#### Work order
Each line of the data below goes into the copy exactly; pictures do not.

#### Data excerpt
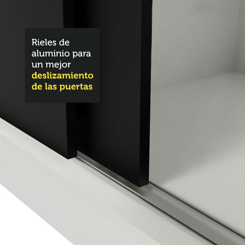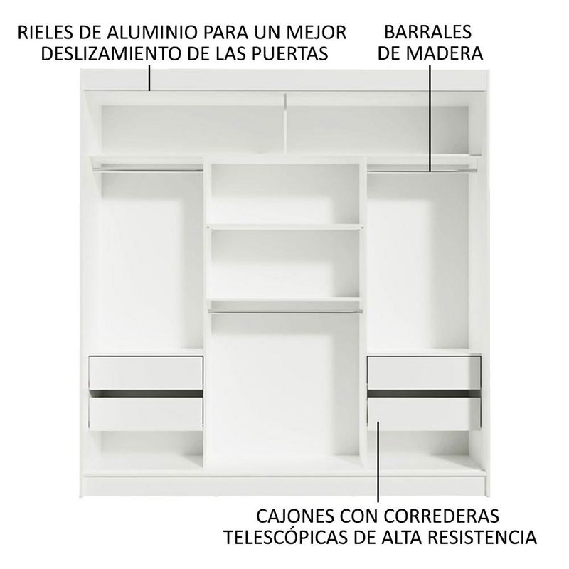 Son tres puertas correderas con rieles de aluminio y deslizamiento suave, que optimizan el espacio del cuarto, sin estorbar al abrir. Además, la puerta central cuenta con espejos que amplían el ambiente y resultan muy prácticos en el uso diario.
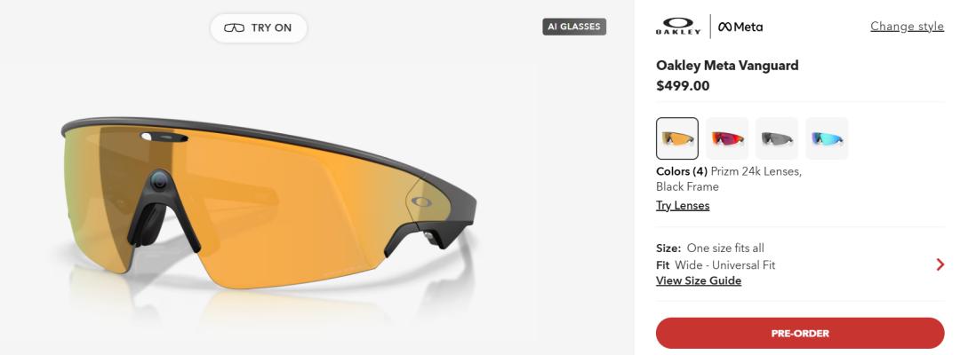 Meta还与运动品牌Oakley合作推出Oakley Meta Vanguard,定价499美元(约3550元人民币)。该产品以耐用性与运动适配为核心设计方向:IP67防尘防水等级可承受1米水深短时间浸泡;配备可更换的Oakley PRIZM镜片,可根据阳光强度、运动场景调整透光率,减少眩光影响。性能方面,该眼镜搭载中置广角镜头,支持3K视频录制与智能防抖,支持慢动作、缩时摄影模式;开放式扬声器音量较前代提升,搭配风噪抑制技术,官方称可在强风环境下保持语音指令识别清晰度。续航方面,混合使用可达9小时,搭配充电盒可延长至36小时。新品支持与运动平台联动,用户可通过语音查询实时运动数据,眼镜可自动录制运动中突破个人纪录的片段;右眼上方的LED指示灯可在心率偏离目标区间时变红,辅助运动监测。
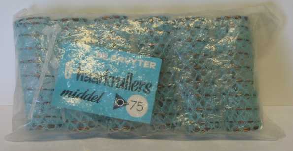 - BeschrijvingZak van doorzichtig kleurloos plastic met daarin zes blauwe krulspelden, zes insteekpinnen en een kartonnen etiket.
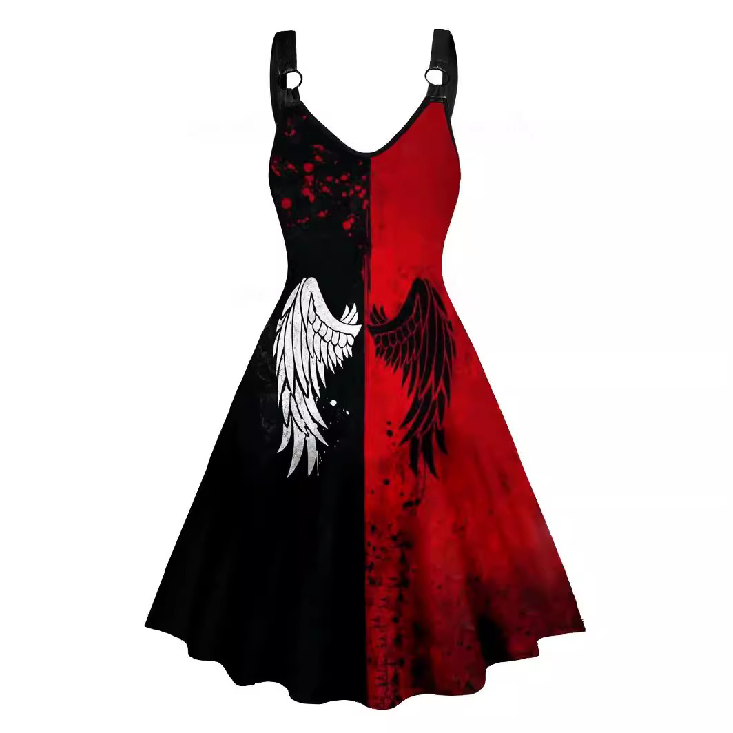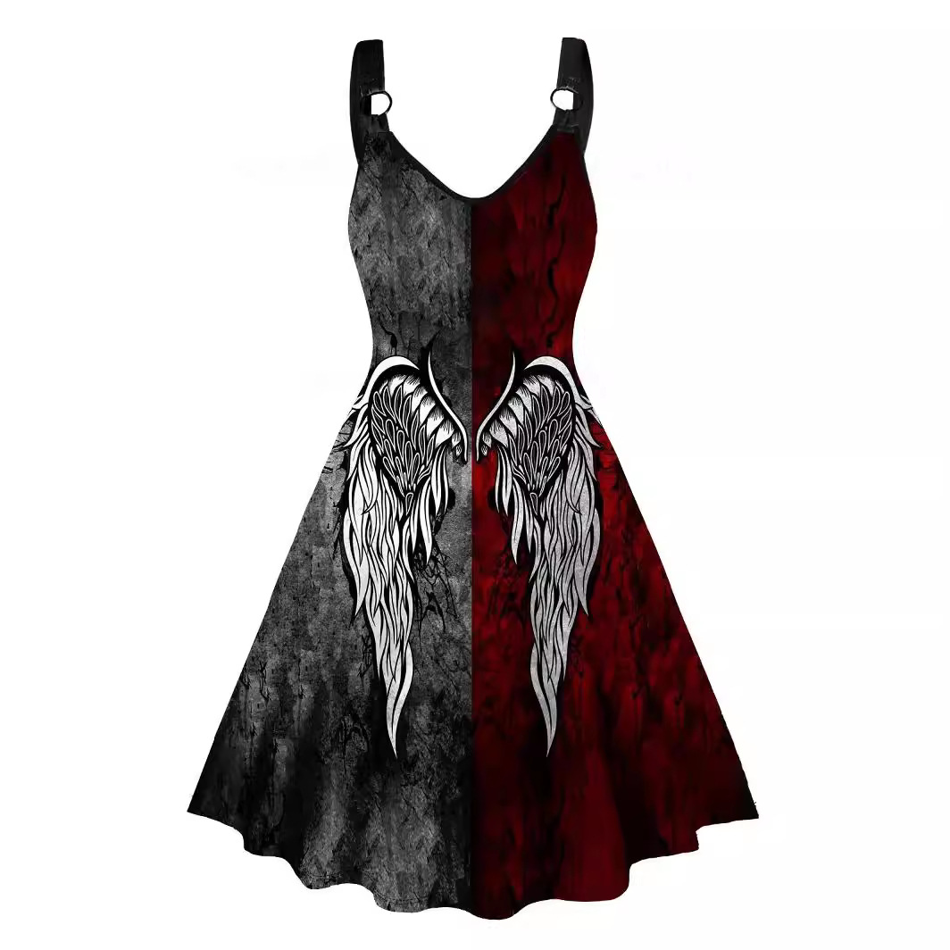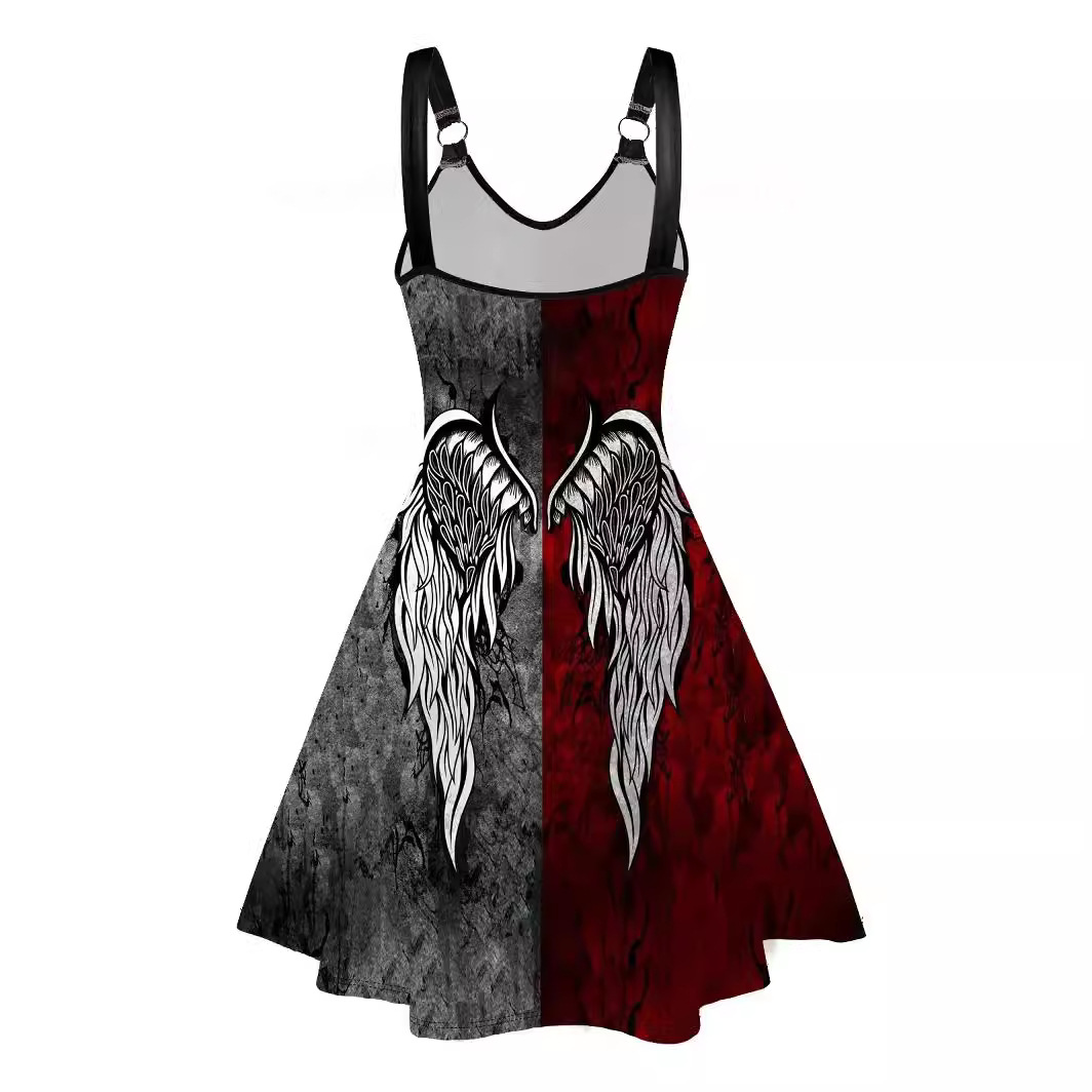 | nameOriginal | 2024 Amazon Cross-border Women's Clothing Spring and Summer New Style Personalized Gothic Wings Printed Backless Sling dress |

#### Result
 Son tres puertas correderas con rieles de aluminio y deslizamiento suave, que optimizan el espacio del cuarto, sin estorbar al abrir. Además, la puerta central cuenta con espejos que amplían el ambiente y resultan muy prácticos en el uso diario.
 Meta还与运动品牌Oakley合作推出Oakley Meta Vanguard,定价499美元(约3550元人民币)。该产品以耐用性与运动适配为核心设计方向:IP67防尘防水等级可承受1米水深短时间浸泡;配备可更换的Oakley PRIZM镜片,可根据阳光强度、运动场景调整透光率,减少眩光影响。性能方面,该眼镜搭载中置广角镜头,支持3K视频录制与智能防抖,支持慢动作、缩时摄影模式;开放式扬声器音量较前代提升,搭配风噪抑制技术,官方称可在强风环境下保持语音指令识别清晰度。续航方面,混合使用可达9小时,搭配充电盒可延长至36小时。新品支持与运动平台联动,用户可通过语音查询实时运动数据,眼镜可自动录制运动中突破个人纪录的片段;右眼上方的LED指示灯可在心率偏离目标区间时变红,辅助运动监测。
 - BeschrijvingZak van doorzichtig kleurloos plastic met daarin zes blauwe krulspelden, zes insteekpinnen en een kartonnen etiket.
 | nameOriginal | 2024 Amazon Cross-border Women's Clothing Spring and Summer New Style Personalized Gothic Wings Printed Backless Sling dress |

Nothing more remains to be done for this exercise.